Taking advantage of Argentinean President Cristina Fernández de Kirchner’s May 13, 2010 visit to Victoria, a city in the province of Entre Ríos, prominent Argentinean ufologist Silvia Pérez Simondini handed the president’s chief of security and protocol an envelope with a ten-page report about UFOs from CEFORA (Spanish acronym for Commission for the Study of the UFO Phenomenon in the Argentinean Republic). Pérez, who is the director of the Victoria-based Visión OVNI (UFO Vision) group and museum, had the opportunity of talking briefly with President Fernández during the ceremonies commemorating the bicentennial of Argentina’s independence. Forty-eight hours later, Pérez received a call from the Casa Rosada (the Argentinean offices of the president) acknowledging receipt of the CEFORA document and promising a quick response.
CEFORA is an umbrella organization of various Argentinean UFO groups and researchers, specifically created to lobby for the declassification of official UFO files in Argentina. CEFORA is also working on a campaign to collect one hundred thousand signatures petitioning UFO declassification to be presented to the Argentinean congress when completed. Andrea Pérez Simondini, Silvia’s daughter who is also a prominent ufologist and chemist who has documented dozens of cattle mutilation cases in Argentina, cautioned that the successful delivery of the CEFORA documents to President Fernández “may have extraordinary results or may end up in nothing.” CEFORA is clearly following the Brazilian model created a few years ago in a “Freedom of Information” public campaign that yielded significant results when the Brazilian Air Force instituted an official policy to declassify its voluminous UFO files, which is still ongoing.
President Fernández’s political biography has been compared to that of Hillary Clinton. Her husband, Néstor Kirchner, was the former president of Argentina, and she was a powerful senator from Buenos Aires province when she won the presidential election in a landslide in October 2007 (she is the second female president in Argentina’s history). Whether President Fernández will implement pro-UFO policies remains to be seen, but there is no doubt that Argentina’s military has in its possession a certain amount of UFO-related documents and probably some physical evidence. Although very few actual documents were released in the past, the history of the military’s involvement in various UFO cases and investigations is, on the other hand, well documented. Back in 1997, I published a special report for the Japanese magazine Borderland titled, “Argentina’s Military UFO Dossier.” The article appeared in Japanese, but the original English version was never published…until now. Here, then, is the first part of that report.

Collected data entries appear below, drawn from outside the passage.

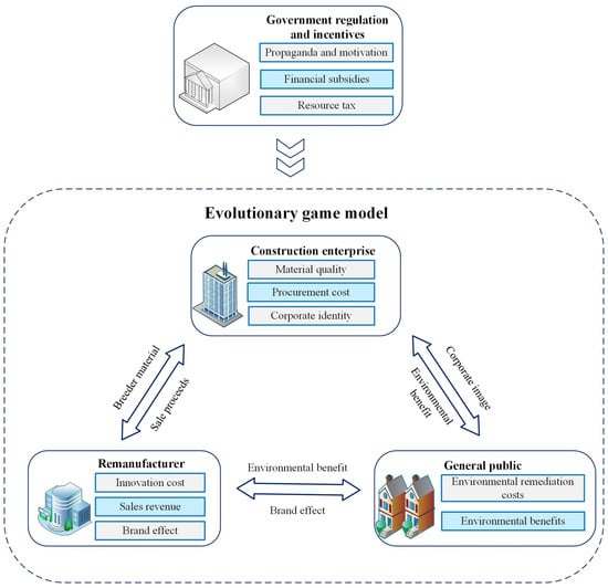 To obtain green value co-creation for CDW resource utilization project stakeholders, the innovative choices of remanufacturers directly affect the quality and price of recycled building materials, thus influencing the choice of materials by construction enterprises. Construction enterprises’ use of materials reflects the market demand for recycled building materials, which in turn influences remanufacturers’ innovative choices. In addition, corporate behavior impacts the environment. The state of the environment influences public environmental governance behavior, which in turn shapes corporate behavior [17]. The decision making processes of remanufacturers, construction enterprises, and the public are interdependent and intertwined. Thus, exploring the evolution of the behaviors of remanufacturers, construction enterprises, and the public within the same framework is analyzing their coevolution, or dynamic interaction [18]. Clarifying the coevolution mechanism among remanufacturers, construction enterprises, and the public in CDW resource utilization projects is essential for facilitating CDW resource utilization [19]. However, the coevolution of remanufacturers, construction enterprises, and the public in CDW resource utilization projects under the green value co-creation perspective has not received enough attention. The evolutionary game approach is suitable for analyzing competition, learning, and adaptation among limited rational subjects and is widely used to study the evolution of stakeholder behavior in CDW resource utilization projects [20]. Therefore, the evolutionary game method can be used to explore the behavioral evolution among the three subjects.
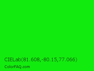 CIELab 81.608,-80.15,77.066 Color is a normal green color and the nearest color is Green #00ff00. Hex code #12eb0e and RGB value is rgb(18,235,14). In RGB color space, this color is composed of 7% red, 92% green, 5% blue, In CMYK color space, this color is composed of 92% cyan, 0% magenta, 94% yellow , 8% black , In HSL color space, this color has a hue angle of 119° , 89% saturation and 49% lightness.
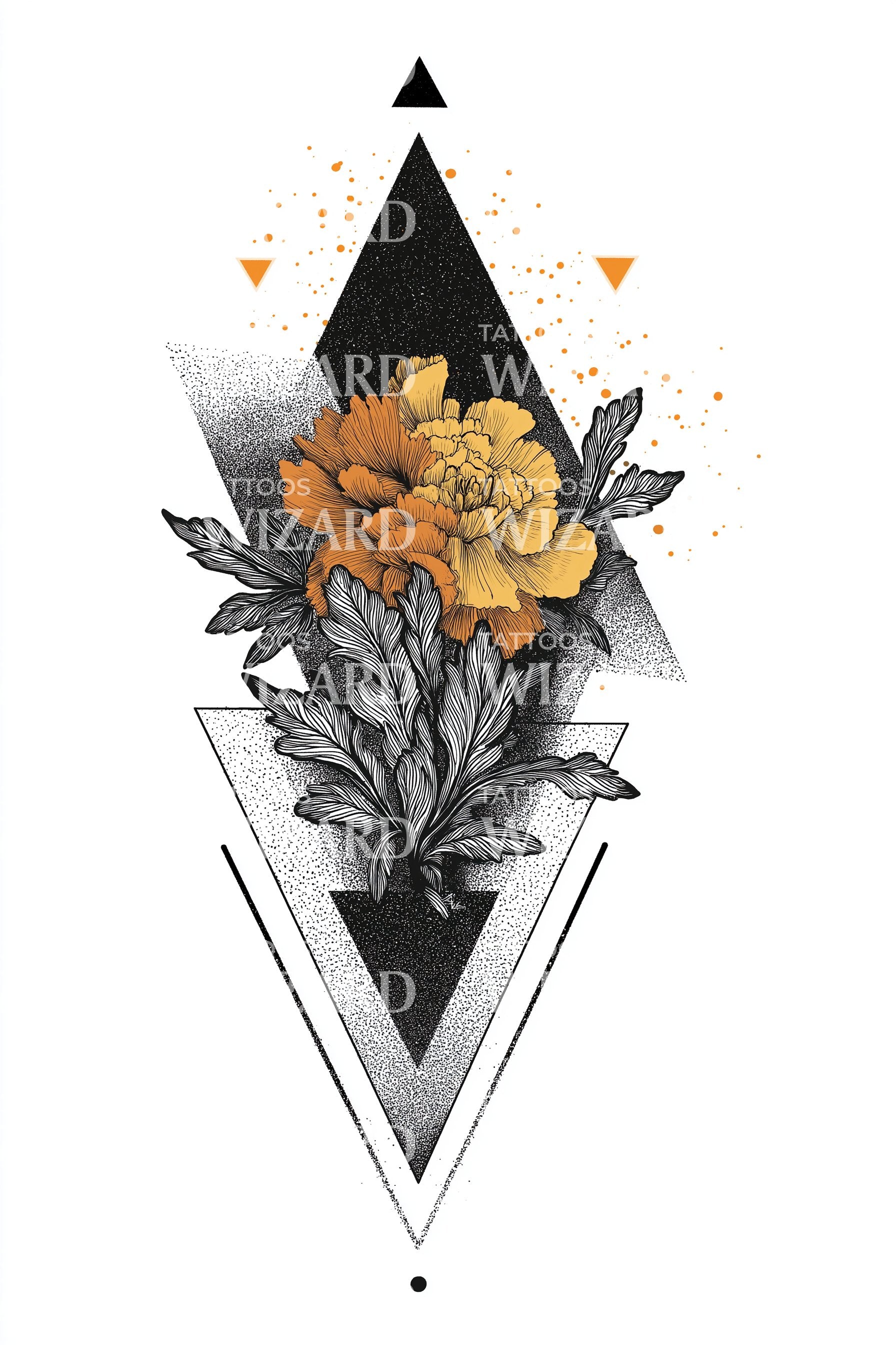 This captivating tattoo design effortlessly intertwines geometry and nature. The striking contrast between the vivid orange floral elements, sharp triangular shapes, and the bold arrow provides a unique aesthetic. An illustrative piece full of depth and symbolism, it's perfect for those wishing to showcase their passion for art and life.
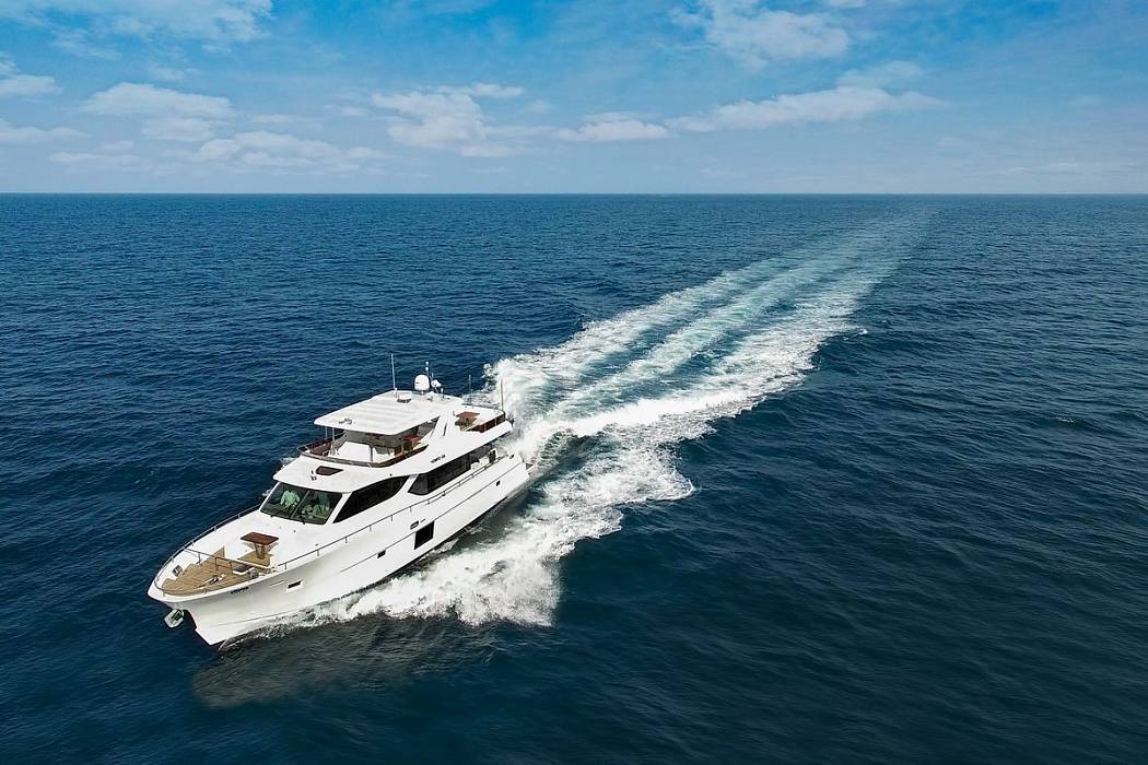 Доступна для заказа. Nomad 65 SUV демонстрирует рациональное использование пространства на борту и имеет 3 двухместные каюты для 6 гостей и две каюты экипажа. Яхта строится с использованием современных композитных материалов для снижения веса и стоимости владения, а также повышения устойчивости.

ARGENTINA’S MILITARY UFO DOSSIER
Argentina is one of the few nations with a rich history of UFO military investigations. For almost 20 years beginning in the early 1960’s, its military authorities became involved in the ufological controversy sweeping across South America and the rest of the world. The Navy established a Permanent Commission for Studies of the UFO Phenomenon in 1962, which lasted until 1974 when its director, Captain Engineer Omar R. Pagani, retired from the service. A new effort was launched by Air Force Captain Augusto Lima at the National Commission for Space Research, which is sort of Argentina’s NASA but under Argentinean Air Force (AAF) supervision.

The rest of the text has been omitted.